Let’s start with the variable declaration method in C/C++. The simplest declaration method of
is like
int a, indicating that declares a variable a, and makes a be of type intThen according to the above statement, the declaration of
int *aindicates that A variable *a is declared, and *a is of type intWe already know that (*a) is of type int, and the asterisk is the dereference operator, (*a) indicates that the variable a points to The data of the memory address. From this sense, we infer that the type of a is the pointer type of int.
The type of a is an int pointer, so how do we express it?

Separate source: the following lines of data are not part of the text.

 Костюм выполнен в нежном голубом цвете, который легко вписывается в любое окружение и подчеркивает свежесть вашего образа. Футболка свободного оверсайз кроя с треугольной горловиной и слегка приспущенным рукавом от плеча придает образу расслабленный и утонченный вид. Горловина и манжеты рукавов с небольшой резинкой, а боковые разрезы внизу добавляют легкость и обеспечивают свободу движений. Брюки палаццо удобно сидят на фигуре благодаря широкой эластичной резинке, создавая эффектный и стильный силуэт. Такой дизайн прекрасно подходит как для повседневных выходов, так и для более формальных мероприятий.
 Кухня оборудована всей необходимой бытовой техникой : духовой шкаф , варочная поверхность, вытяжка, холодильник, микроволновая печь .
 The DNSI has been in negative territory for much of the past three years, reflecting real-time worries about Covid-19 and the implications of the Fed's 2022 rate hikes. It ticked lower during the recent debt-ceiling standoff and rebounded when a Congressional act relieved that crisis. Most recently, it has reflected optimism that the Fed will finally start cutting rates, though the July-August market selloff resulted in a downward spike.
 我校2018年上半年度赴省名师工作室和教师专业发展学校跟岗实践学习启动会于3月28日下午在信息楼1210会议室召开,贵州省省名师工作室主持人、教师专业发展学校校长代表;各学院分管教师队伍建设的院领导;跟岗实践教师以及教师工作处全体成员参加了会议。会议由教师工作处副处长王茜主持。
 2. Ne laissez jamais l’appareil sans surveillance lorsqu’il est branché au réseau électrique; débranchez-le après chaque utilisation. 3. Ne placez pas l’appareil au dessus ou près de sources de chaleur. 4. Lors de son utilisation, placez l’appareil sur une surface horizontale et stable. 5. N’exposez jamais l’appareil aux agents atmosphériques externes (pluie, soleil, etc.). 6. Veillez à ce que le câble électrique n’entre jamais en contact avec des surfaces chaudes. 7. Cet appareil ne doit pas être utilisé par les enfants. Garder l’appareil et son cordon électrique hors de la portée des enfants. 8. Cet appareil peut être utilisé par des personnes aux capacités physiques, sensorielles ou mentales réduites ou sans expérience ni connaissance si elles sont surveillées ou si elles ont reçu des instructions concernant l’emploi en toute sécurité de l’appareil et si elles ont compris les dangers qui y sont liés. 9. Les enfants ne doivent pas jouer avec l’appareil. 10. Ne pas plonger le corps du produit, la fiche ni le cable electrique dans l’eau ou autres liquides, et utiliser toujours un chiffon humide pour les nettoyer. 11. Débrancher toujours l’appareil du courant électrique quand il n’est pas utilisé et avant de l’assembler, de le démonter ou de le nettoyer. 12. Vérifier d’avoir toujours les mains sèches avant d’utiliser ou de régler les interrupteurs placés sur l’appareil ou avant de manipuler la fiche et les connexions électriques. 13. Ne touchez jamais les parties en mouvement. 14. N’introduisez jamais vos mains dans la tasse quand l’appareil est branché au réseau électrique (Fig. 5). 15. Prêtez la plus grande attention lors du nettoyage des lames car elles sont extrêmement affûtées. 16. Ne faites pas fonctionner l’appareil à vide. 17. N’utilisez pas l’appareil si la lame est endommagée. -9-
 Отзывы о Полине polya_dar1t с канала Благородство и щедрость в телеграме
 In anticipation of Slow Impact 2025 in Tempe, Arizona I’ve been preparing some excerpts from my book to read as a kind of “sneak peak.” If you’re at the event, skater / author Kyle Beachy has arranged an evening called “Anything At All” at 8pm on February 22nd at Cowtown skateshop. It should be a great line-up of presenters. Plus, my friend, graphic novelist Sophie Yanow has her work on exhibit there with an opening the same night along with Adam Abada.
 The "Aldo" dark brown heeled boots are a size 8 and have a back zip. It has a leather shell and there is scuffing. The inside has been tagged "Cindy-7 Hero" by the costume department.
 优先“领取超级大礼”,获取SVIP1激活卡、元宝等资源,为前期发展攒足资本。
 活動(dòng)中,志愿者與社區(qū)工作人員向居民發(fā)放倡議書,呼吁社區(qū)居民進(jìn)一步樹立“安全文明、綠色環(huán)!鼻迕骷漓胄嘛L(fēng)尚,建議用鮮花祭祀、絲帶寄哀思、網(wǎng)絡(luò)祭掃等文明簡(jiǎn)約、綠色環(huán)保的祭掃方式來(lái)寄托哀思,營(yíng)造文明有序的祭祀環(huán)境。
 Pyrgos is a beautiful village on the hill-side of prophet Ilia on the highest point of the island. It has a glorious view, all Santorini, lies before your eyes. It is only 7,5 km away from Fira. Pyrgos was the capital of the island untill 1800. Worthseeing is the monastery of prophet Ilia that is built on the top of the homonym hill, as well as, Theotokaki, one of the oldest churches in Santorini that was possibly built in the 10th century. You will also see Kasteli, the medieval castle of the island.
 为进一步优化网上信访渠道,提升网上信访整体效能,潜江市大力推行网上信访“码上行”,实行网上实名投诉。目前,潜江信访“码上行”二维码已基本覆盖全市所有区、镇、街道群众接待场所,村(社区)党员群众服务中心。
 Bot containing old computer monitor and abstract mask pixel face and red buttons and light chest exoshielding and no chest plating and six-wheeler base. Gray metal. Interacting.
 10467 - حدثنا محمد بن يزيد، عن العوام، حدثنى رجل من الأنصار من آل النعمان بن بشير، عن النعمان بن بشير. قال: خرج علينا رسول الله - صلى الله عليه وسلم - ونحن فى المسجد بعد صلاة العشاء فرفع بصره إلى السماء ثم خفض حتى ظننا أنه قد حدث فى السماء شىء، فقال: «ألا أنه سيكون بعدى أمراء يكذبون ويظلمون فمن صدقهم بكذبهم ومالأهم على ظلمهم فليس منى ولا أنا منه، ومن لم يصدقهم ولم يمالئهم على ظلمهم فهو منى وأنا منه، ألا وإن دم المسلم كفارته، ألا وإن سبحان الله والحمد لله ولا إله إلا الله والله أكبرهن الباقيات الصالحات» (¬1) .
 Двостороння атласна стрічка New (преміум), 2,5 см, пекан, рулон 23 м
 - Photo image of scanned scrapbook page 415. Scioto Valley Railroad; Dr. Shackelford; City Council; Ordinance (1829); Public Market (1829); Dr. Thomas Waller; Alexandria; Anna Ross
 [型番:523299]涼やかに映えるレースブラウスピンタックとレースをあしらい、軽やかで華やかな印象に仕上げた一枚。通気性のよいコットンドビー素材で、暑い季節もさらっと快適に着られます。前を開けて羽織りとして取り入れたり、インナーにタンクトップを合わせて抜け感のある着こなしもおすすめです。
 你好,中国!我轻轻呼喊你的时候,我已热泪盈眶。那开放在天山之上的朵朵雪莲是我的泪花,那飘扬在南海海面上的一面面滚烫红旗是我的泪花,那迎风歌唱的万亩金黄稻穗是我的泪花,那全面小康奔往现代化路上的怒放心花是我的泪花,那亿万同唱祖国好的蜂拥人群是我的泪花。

Considering that the common declaration method in C is
类型名+变量名, in the declarationint*a, since a is变量名, so int* is类型名, so we useint*to represent the int pointer typeIn the same way,
int &acan be considered as declaring a variable of type int (&a). Through the meaning of the & operator, we know that a is an int reference type, and use int& to represent the int reference typeBack to the topic,
string const &adeclares a (&a), (&a) is of string type and is a constantand
const string &adeclares a (&a), (&a) is a constant and of type stringThis obviously means the same thing~
Going a little further, let’s look at the analysis questions used to trick children. The former of
const char *aandchar * const adeclares that (*a) and (*a) are of const char type. a is modified by a dereference operator, so a is an ordinary pointer and can be modified, but the data pointed to by a (i.e. *a) cannot be modified due to the const modification
The latter declares (*const a), ( *const a) is of type char. a is modified by a dereference operator and a const keyword, so a is an unmodifiable pointer, but the data pointed to by a (i.e. *a) can be modified
char const *aandconst char *ahave the same meaning, and if neither a is allowed to be modified nor the data pointed to by a is allowed to be modified, then it needs to be declared asconst char * const aNo difference.